On top of that, certain sections were hugely frustrating. There was one moment that almost ruined the game for us; while climbing (the mechanics associated with this are brilliant, it should be noted) we got to a point where we'd inadvertently gone in the wrong direction. Hanging there, knowing that we couldn't let go without dying, we got extremely frustrated and agitated that we couldn't work out what to do next. At other times we had to use a tool (that looks just like a Move controller, which makes us wonder why there isn't any Move controller support) to shift items around the world, which could at times be fiddly beyond belief.
There was a stealth section that had us cursing, and there were several passages of play that were too vague for their own good. Throw in some visual inconsistencies and a narrative that could have been much more exciting, and overall we were left feeling a little disappointed.

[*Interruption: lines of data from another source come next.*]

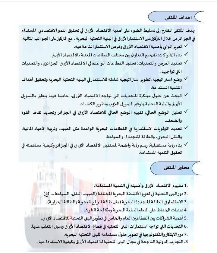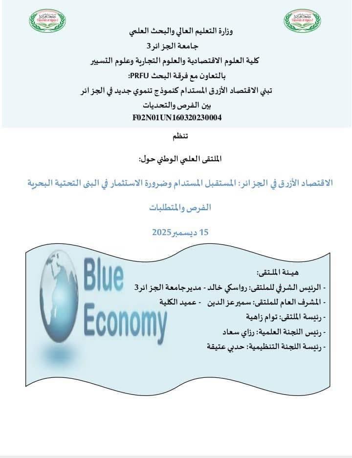 تعلن جامعة الجزائر3 عن تنظيم فرقة البحث PRFU، تبني الاقتصاد الازرق المستدام كنموذج تنموي جديد في الجزائر بين الفرص والتحديات، الملتقى العلمي الوطني حول: “الاقتصاد الأزرق في الجزائر :المستقبل المستدام وضرورة الاستثمار في البنى التحتية البحرية – فرص ومتطلبات ” وذلك يوم : 15 ديسمبر 2025.
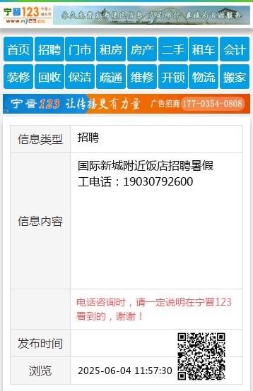国际新城附近饭店招聘暑假工电话:19030792600
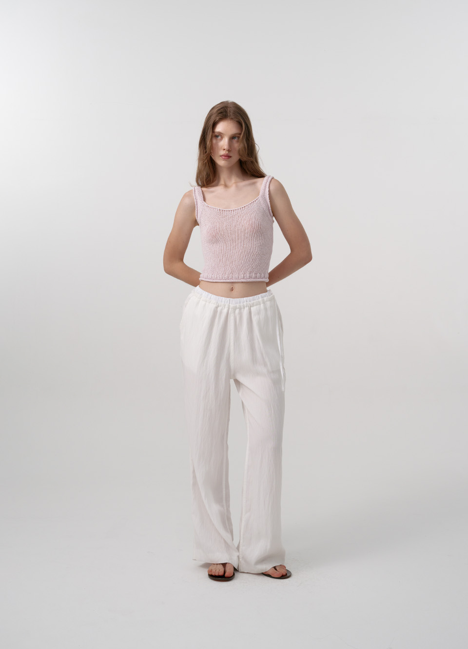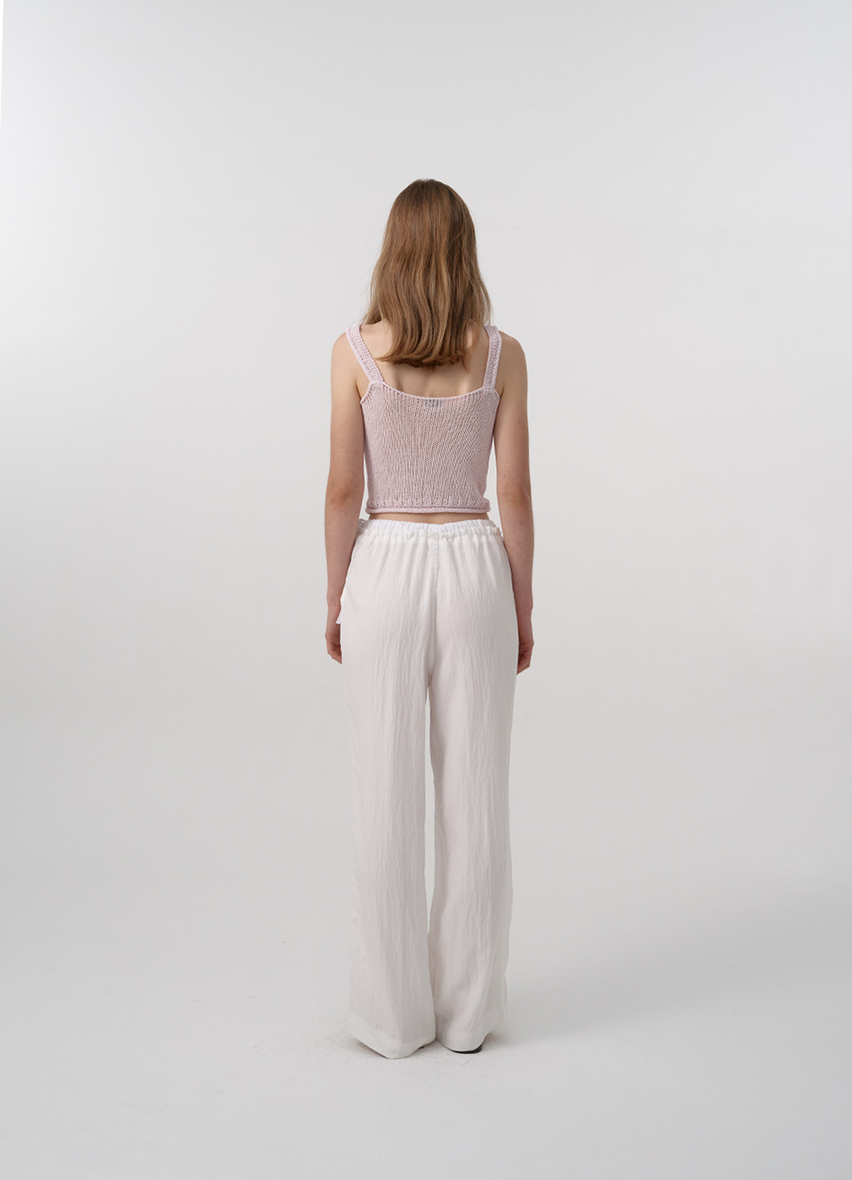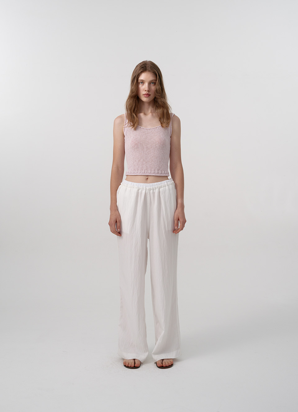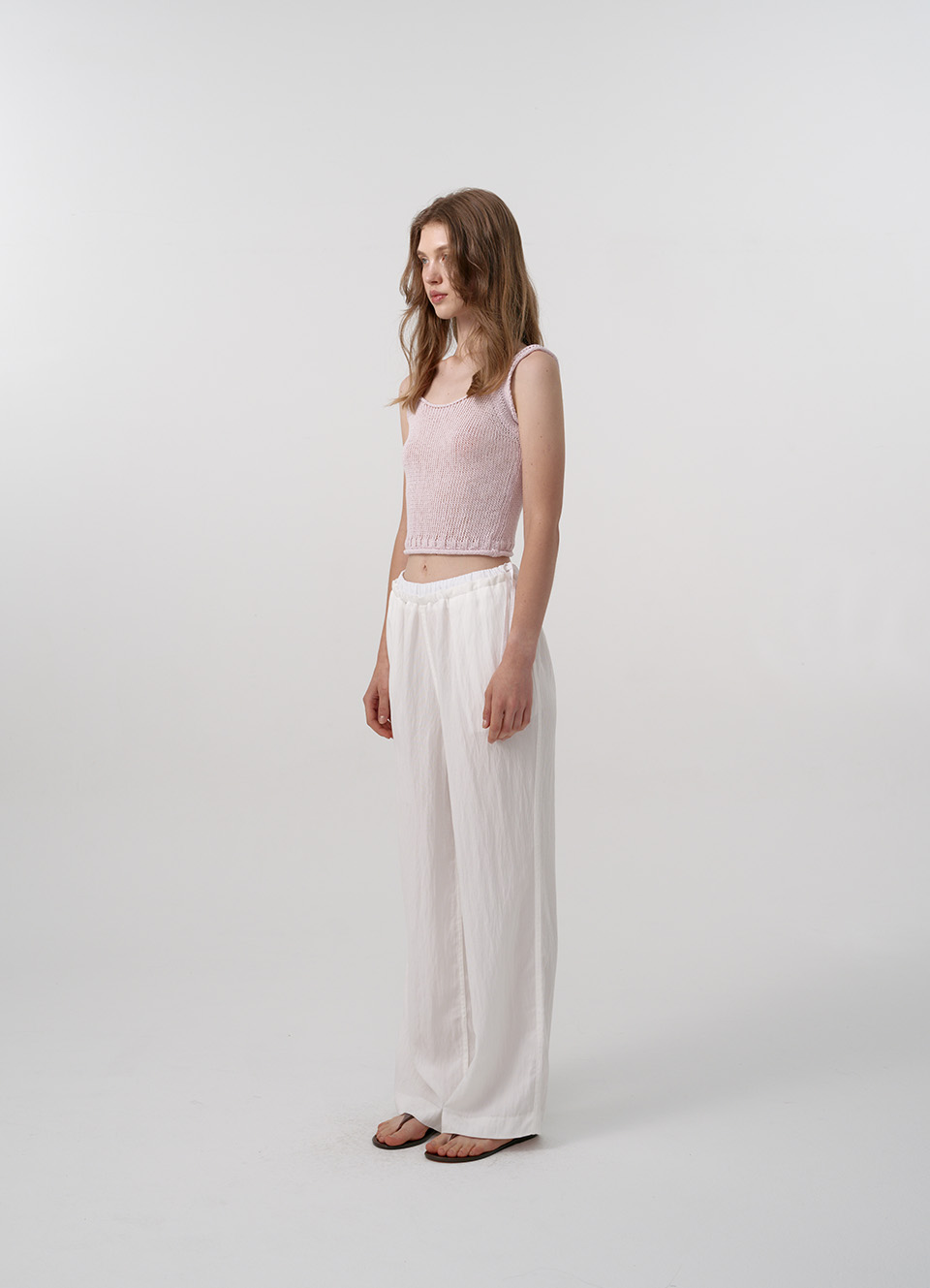 スリムに密着するシルエットとクロップキビバランスのスリーブレストップタイプ
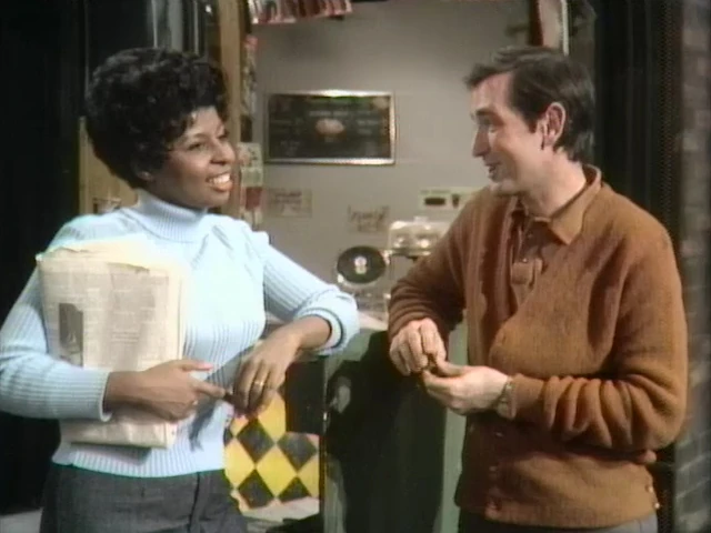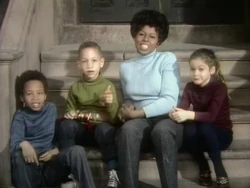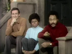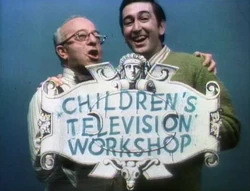 CLOSING SIGNS | Gordon and Susan hold up the Sesame Street sign while Mr. Hooper and Bob hold up the Children's Television Workshop sign. |
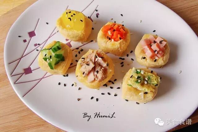 2、煮一锅热饭,倒入适量的盐,醋和糖,调成醋饭,放凉备用3、煮热水,加点酱油和鸡精调一点味,把油豆腐下去煮一会4、油豆腐一面开一个小口,等醋饭凉了之后,把它釀在油豆腐里7、最后撒上一点芝麻就行了,胡萝卜、黄瓜、火腿、腌萝卜切碎按之前的步骤做就可以了。1、材料内容可以按自己的喜好,沙拉酱可以不加,但是材料要调味 3、煮油豆腐不用太久,因为本来就是熟的,煮的汤可以用高汤更好

We wanted more of what worked (the puzzles where you take control of HIGS and reroute power are decent, you can order your pet dino around at certain points, and the climbing sections were good too), and a bit more story to get our teeth stuck into, but we simply didn't get it.
It's not a total write-off by any means. There's plenty of atmosphere, the voice acting is decent (although the script is a bit clunky in places) and some of the puzzle sections have merit. Still, there's not enough here to justify the premium pricing, and we can't help but think that there was more planned and things got scaled back along the way. Ultimately, Robinson: The Journey fails to build on its positive elements, and has a few too many rough edges to ignore.
Largely because of the setting we were excited about Crytek's PSVR debut before it crash landed on our PS4, but now that the dust has settled and the credits have rolled, we rather think that this was something we endured rather than enjoyed. This could (and perhaps should) have been the killer app that PlayStation VR wants and needs, but when it's all said and done this isn't much more than a missed opportunity that only hints at what it could have been.